A educação foi considerada perigosa para a saúde das mulheres. Edward Clark, professor da Harvard School of Medicine, argumentou que os ovários poderiam ser atrofiados devido à atividade mental em mulheres; supostamente leva à masculinização, esterilidade, loucura e até a morte. A propósito, a ideia de Clark foi refutada pela médica Mary Jacobi.

Testosterona e embriões

Em 2005, em uma conferência sobre a promoção da diversidade sociocultural e de gênero em ciência e engenharia, o reitor da Universidade de Harvard, Lawrence Summers, sugeriu que as mulheres, por natureza, são menos capazes de ciências exatas. Escusado será dizer que o fato de que as mulheres cientistas ficaram indignadas com esta declaração, tentou explicar sua "sensibilidade"?

Para justificar tal afirmação, entusiasmada com o discurso escandaloso da mídia lembrou a teoria da testosterona pré-natal. Segundo ela, a liberação de testosterona no embrião masculino na oitava semana de desenvolvimento altera a estrutura do cérebro: aumenta os centros responsáveis ​​pela agressão e comportamento sexual e reduz os responsáveis ​​pela comunicação e emoções. Essa abordagem do androgênio ao embrião supostamente cria um homem "real" adaptado à ciência.

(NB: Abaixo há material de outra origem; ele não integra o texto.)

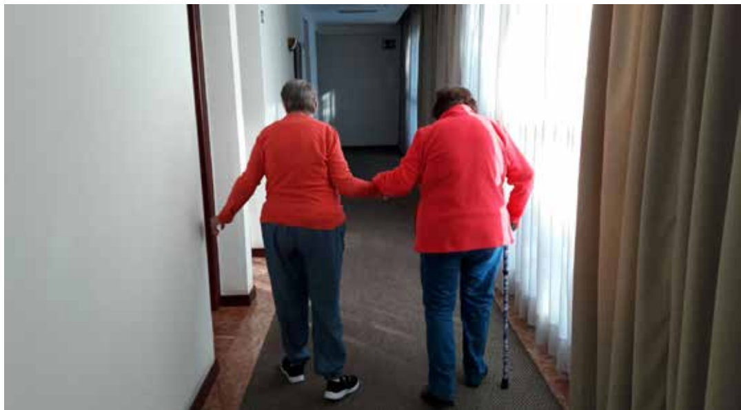
Personas atendidas por FUTUMAD.

Beneficiarios: 35 personas con discapacidad Intelectual.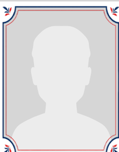
Frédéric Penin conseiller municipal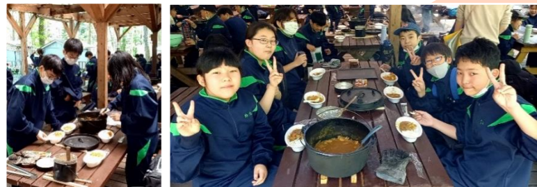
飯ごう炊さんを通じたふれあい ③

市立中学校では、各学校が学校独自の体験を計画し、工夫を凝らした魅力ある「ふれあい自然教室」を実施しています。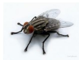
Муха в приближении

— Она перед посадкой на потолок переходит полу-бочкой в перевернутый полет, потом РШГ (ручка шаг-газ) до упора вниз, и бинго. Одна ей проблема - в перевернутом полете у нее очень маленькая устойчивость по каналам крена и тангажа, но я думаю у нее ЭДСУ хорошая стоит.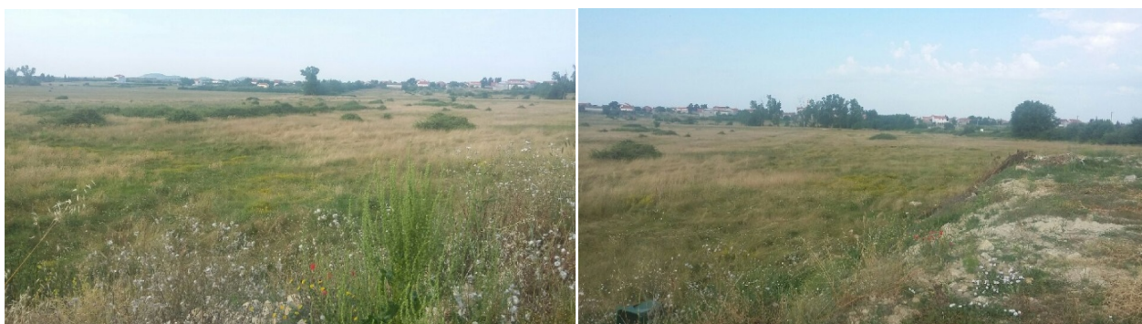
- teren obuhvaćen planom

Naselje Zemunik Donji se nalazi u seizmološkoj zoni od 6 0 MCS, što spominjemo kao opći kriterij, a prilikom projektiranja i izgradnje objekata treba konzultirati Pravilnik o državnom standardu za proučavanje seizmoloških utjecaja na mikrolokaciju.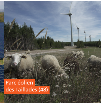
Parc éolien des Taillades (48)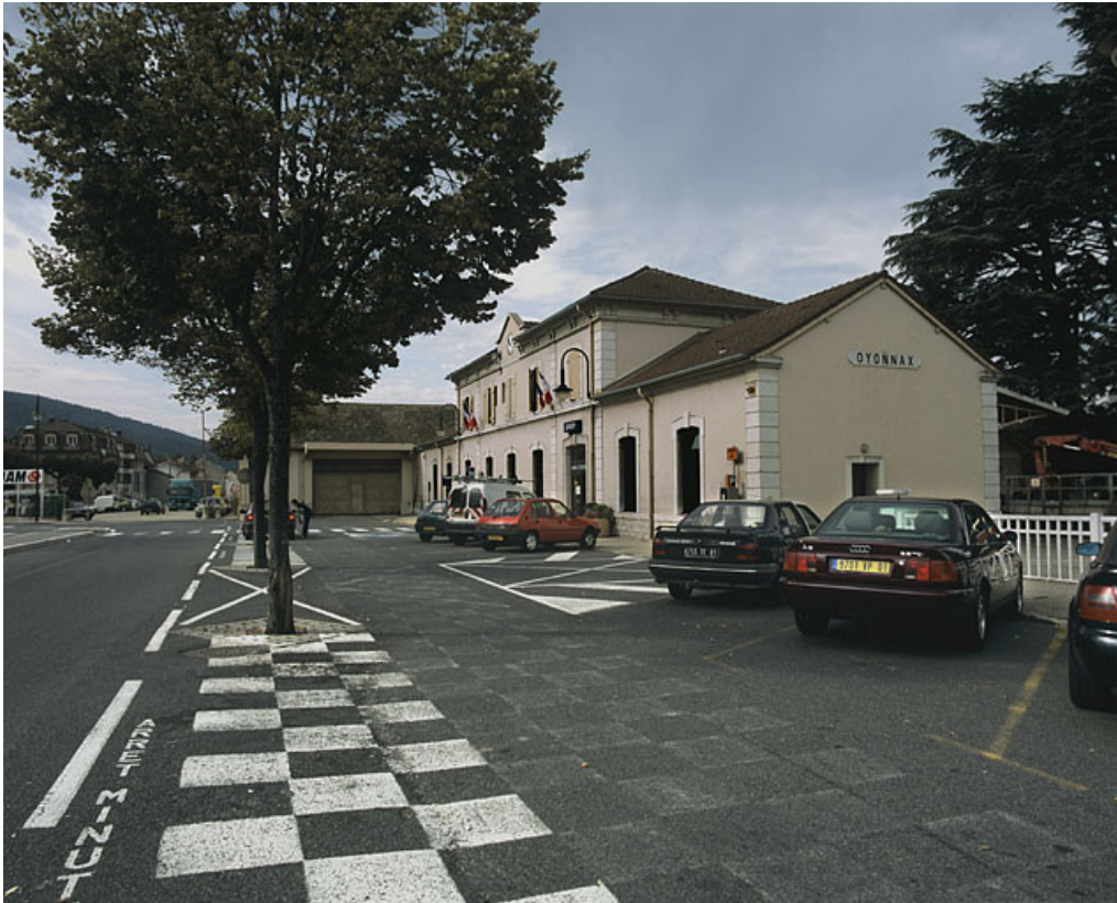
Vue d'ensemble, depuis le nord-est (côté Andelot-en-Montagne).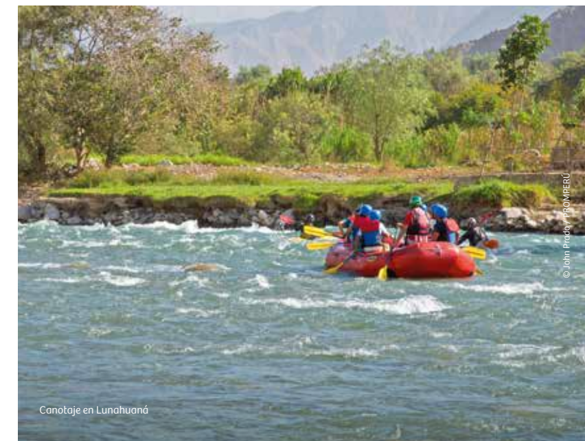
Canotaje en Lunahuaná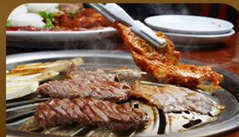
เมนูย่างสโตร์เกาหลี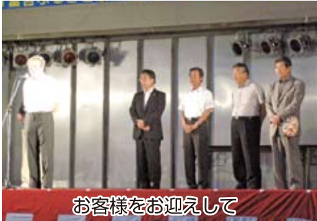
お客様をお迎えして

7月31日(土)午後6時「大声コンテスト」で「富合ふるさと祭り」は開幕。曇り空と涼しい風の緑川河原は約2,500人でにぎわいました。ジャンケンポン大会、舞台でのショーを楽しみ、肥後にわかで笑い、富合音頭をみんなで踊り、お楽しみ抽選で緊張し、最後は「花火大会」で元気になったのではないのでしょうか。今年も準備、会場設営、当日の運営、交通・駐車場整理と多くの人の協力がありました。ありがとうございました。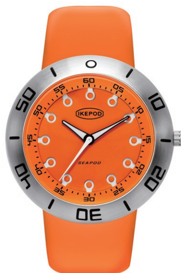
IPS008SILO30TH "30th Anniversary Edition" 297,000円 (税込)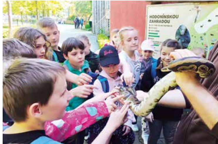
Den Země – návštěva Zoo Hodonín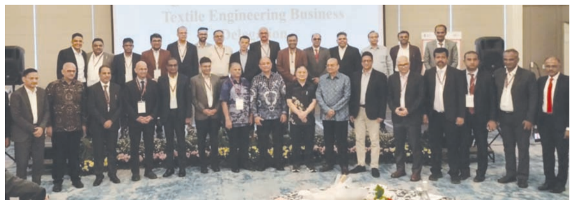
2026年4月13日，印尼纺织协会(API)与印度纺织工程协会在西瓜哇省万隆市举行会议。

印尼纺织协会还与印度纺织工程协会在万隆举办了互动商务会议，作为连接两国行业参与者的战略平台。该论坛有望开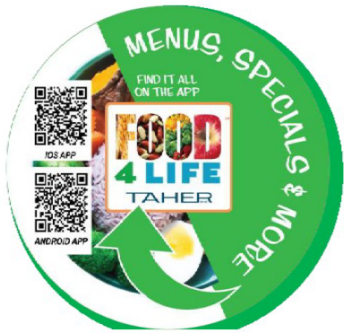
The Food4Life app is accessible through Alexa so you can ask for the daily menu.

For Parents & Students at Clinton Community School District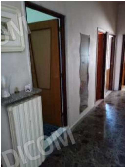
Figura 11. Interni fg.78 plla.68 sub 5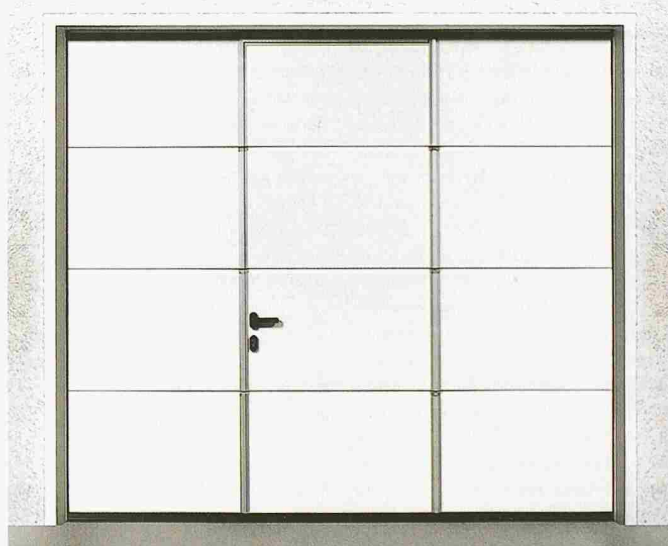
Garagentor mit Schlupftür der Hörmann AG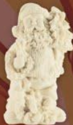
Санта с елкой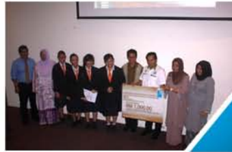
TERBAIK... Pemenang tempat pertama Pertandingan Perpustakaan Keluarga Helena (hadapan) menerima piala dan sijil kemenangan beliau.

MIRI... Pertandingan Warisan Budaya Tempatan 2013 yang diadakan bermula bulan Februari lalu adalah terbuka kepada semua sekolah-sekolah menengah di sekitar Bandaraya Miri.

Mas há problemas nessa teoria ousada. Primeiro, a influência dos hormônios "masculinos" no cérebro foi estudada em roedores, cujos cérebros são muito diferentes em complexidade da organização humana. Além disso, mesmo os cientistas que consideram como a testosterona afeta os embriões de ratos não podem responder exatamente como ela muda o comportamento dos ratos após o nascimento. Em segundo lugar, ainda não há uma maneira de medir diretamente a testosterona no sangue de uma criança. Podemos supor seu nível por indicadores indiretos: medindo seu nível no sangue da mãe ou no líquido amniótico ou correlacionando o comprimento do anel e do dedo indicador (acredita-se que a testosterona no útero afeta isso). Isso significa que, embora os pesquisadores não saibam com certeza o quanto suas medidas são geralmente relacionadas aos hormônios fetais que podem afetar o cérebro.

Claro, não se pode dizer que os hormônios não afetam o cérebro de forma alguma - mas até agora não sabemos exatamente como. Além disso, é impossível falar sobre o lugar que as pessoas devem tomar em testosterona ou sem ela na sociedade.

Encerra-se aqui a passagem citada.